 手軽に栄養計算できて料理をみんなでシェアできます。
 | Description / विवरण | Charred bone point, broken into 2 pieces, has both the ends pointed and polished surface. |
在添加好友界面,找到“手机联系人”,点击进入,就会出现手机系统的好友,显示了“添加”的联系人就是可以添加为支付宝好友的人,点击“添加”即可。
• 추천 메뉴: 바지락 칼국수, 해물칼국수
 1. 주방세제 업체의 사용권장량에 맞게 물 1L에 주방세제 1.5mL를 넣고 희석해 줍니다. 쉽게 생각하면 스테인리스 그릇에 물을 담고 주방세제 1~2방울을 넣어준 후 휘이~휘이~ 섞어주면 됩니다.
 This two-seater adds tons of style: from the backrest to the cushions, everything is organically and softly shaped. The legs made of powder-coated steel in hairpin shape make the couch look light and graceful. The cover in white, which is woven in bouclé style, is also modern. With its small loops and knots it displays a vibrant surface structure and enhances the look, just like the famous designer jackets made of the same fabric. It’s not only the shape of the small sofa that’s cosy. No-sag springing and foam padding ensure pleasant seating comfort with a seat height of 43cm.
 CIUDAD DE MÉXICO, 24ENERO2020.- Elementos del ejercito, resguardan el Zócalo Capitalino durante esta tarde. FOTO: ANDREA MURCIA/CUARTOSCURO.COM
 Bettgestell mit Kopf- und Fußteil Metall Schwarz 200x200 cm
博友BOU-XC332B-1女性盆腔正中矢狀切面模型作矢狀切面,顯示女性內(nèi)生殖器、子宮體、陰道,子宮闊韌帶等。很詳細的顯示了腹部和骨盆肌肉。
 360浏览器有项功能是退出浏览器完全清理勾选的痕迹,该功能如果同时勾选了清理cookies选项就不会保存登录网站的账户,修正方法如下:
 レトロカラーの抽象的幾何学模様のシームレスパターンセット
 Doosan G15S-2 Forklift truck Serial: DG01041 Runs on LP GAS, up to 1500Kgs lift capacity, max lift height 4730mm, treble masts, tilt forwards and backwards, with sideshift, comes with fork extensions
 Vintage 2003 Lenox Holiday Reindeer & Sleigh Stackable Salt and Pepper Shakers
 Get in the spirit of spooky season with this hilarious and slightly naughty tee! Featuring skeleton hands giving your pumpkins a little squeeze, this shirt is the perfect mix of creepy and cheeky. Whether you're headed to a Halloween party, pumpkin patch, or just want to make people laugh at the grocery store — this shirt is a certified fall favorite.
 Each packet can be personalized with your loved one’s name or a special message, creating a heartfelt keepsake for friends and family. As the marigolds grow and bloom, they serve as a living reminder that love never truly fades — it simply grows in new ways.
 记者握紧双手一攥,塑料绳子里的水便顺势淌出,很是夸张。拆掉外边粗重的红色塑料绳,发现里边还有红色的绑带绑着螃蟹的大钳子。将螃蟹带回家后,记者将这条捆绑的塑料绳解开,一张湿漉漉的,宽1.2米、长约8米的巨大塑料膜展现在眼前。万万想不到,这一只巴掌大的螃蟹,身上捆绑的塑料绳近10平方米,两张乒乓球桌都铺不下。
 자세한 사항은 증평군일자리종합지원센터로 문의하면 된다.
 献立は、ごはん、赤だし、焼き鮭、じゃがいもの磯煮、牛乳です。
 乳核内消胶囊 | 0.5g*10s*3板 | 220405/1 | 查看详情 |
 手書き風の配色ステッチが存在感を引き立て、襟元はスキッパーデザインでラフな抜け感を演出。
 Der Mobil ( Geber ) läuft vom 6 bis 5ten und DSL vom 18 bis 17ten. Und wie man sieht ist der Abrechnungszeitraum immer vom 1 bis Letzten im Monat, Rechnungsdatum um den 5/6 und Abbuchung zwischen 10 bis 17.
##########
• **Task goal**
Return exactly what appears in the records from the line with "记者握紧双手一攥,塑料绳子里" through the final line, and nothing else.

• **Reply**
 记者握紧双手一攥,塑料绳子里的水便顺势淌出,很是夸张。拆掉外边粗重的红色塑料绳,发现里边还有红色的绑带绑着螃蟹的大钳子。将螃蟹带回家后,记者将这条捆绑的塑料绳解开,一张湿漉漉的,宽1.2米、长约8米的巨大塑料膜展现在眼前。万万想不到,这一只巴掌大的螃蟹,身上捆绑的塑料绳近10平方米,两张乒乓球桌都铺不下。
 자세한 사항은 증평군일자리종합지원센터로 문의하면 된다.
 献立は、ごはん、赤だし、焼き鮭、じゃがいもの磯煮、牛乳です。
 乳核内消胶囊 | 0.5g*10s*3板 | 220405/1 | 查看详情 |
 手書き風の配色ステッチが存在感を引き立て、襟元はスキッパーデザインでラフな抜け感を演出。
 Der Mobil ( Geber ) läuft vom 6 bis 5ten und DSL vom 18 bis 17ten. Und wie man sieht ist der Abrechnungszeitraum immer vom 1 bis Letzten im Monat, Rechnungsdatum um den 5/6 und Abbuchung zwischen 10 bis 17.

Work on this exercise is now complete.